Scarlett Johansson to star in the film version of Jon Ronson’s The Psychopath Test

Jon Ronson’s 2004 book The Men Who Stare At Goats was a weird choice for big-screen adaptation. A fascinating piece of journalism about the strange, mystical paths the U.S. military went down in the aftermath of Vietnamand the way that research eventually evolved into modern-day PSYOPSnothing about it screamed “Let’s turn this into a movie!” But someone did, and the fictionalized film version of Ronson’s book earned back more than twice its budget. So it’s somewhat less weird that Hollywood is taking another shot at adapting Ronson, with Deadline reporting that Scarlett Johansson has been attached to star in a film based on the author’s 2011 book The Psychopath Test.

Subtitled A Journey Through The Madness Industry, Ronson’s book is an examination of the concept of psychopathy, and how it’s been defined, redefined, and profited from by media and medicine alike. The book’s most prominent narrative, which Ronson earlier publicized in a 2009 This American Life story, is that of Tony, a young man who purportedly faked his way into a psychopath diagnosis to avoid a jail sentence and has spent more than a decade committed in England’s Broadmoor Psychiatric Hospital.

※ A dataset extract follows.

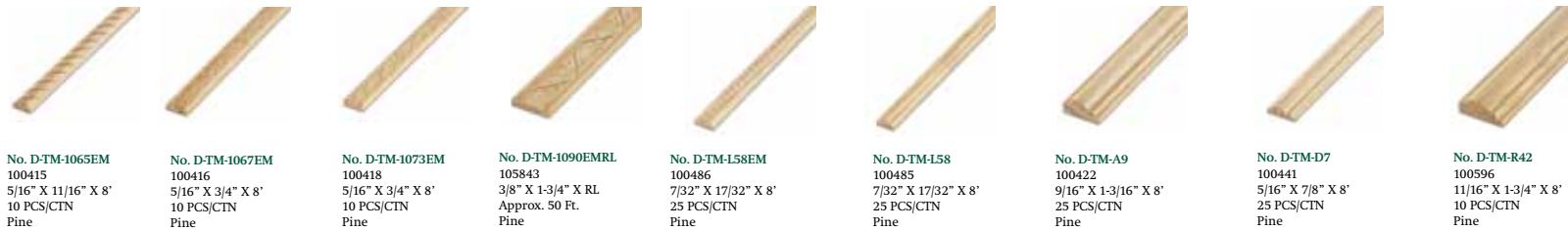
No. D-TM-1065EM 100415 5/16" X 11/16" X 8" 10 PCS/CTN Pine No. D-TM-1067EM 100416 5/16" X 3/4" X 8" 10 PCS/CTN Pine No. D-TM-1073EM 100418 5/16" X 3/4" X 8" 10 PCS/CTN Pine No. D-TM-1090EMRL 105843 3/8" X 1-3/4" X RL Approx. 50 Ft. Pine No. D-TM-L58EM 100486 7/32" X 17/32" X 8" 25 PCS/CTN Pine No. D-TM-L58 100485 7/32" X 17/32" X 8" 25 PCS/CTN Pine No. D-TM-A9 100422 9/16" X 1-3/16" X 8" 25 PCS/CTN Pine No. D-TM-D7 100441 5/16" X 7/8" X 8" 25 PCS/CTN Pine No. D-TM-R42 100596 11/16" X 1-3/4" X 8" 10 PCS/CTN Pine No. D-ROPE4 100600 3/8" X 3/4" X 8" 12 PCS/CTN Pine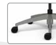
BA11G 27" MID-PROFILE NYLON BASE - GRAY

The film is being developed by Universal, with Austin Powers director Jay Roach set to direct. He’ll be working from a script by Futurama and Saturday Night Live writer Kristin Gore, who we’re legally required to note was once little more than a gleam in the lusty eye of her father, former U.S. Vice President Al Gore. Given Roach and Gore’s former credentials (the two are also working together on a space exploration comedy for HBO), it’s probably safe to assume that The Psychopath Test will focus on the lighter, wittier aspects of Ronson’s book, and not so much the “trapped for a decade with violent mental patients” part.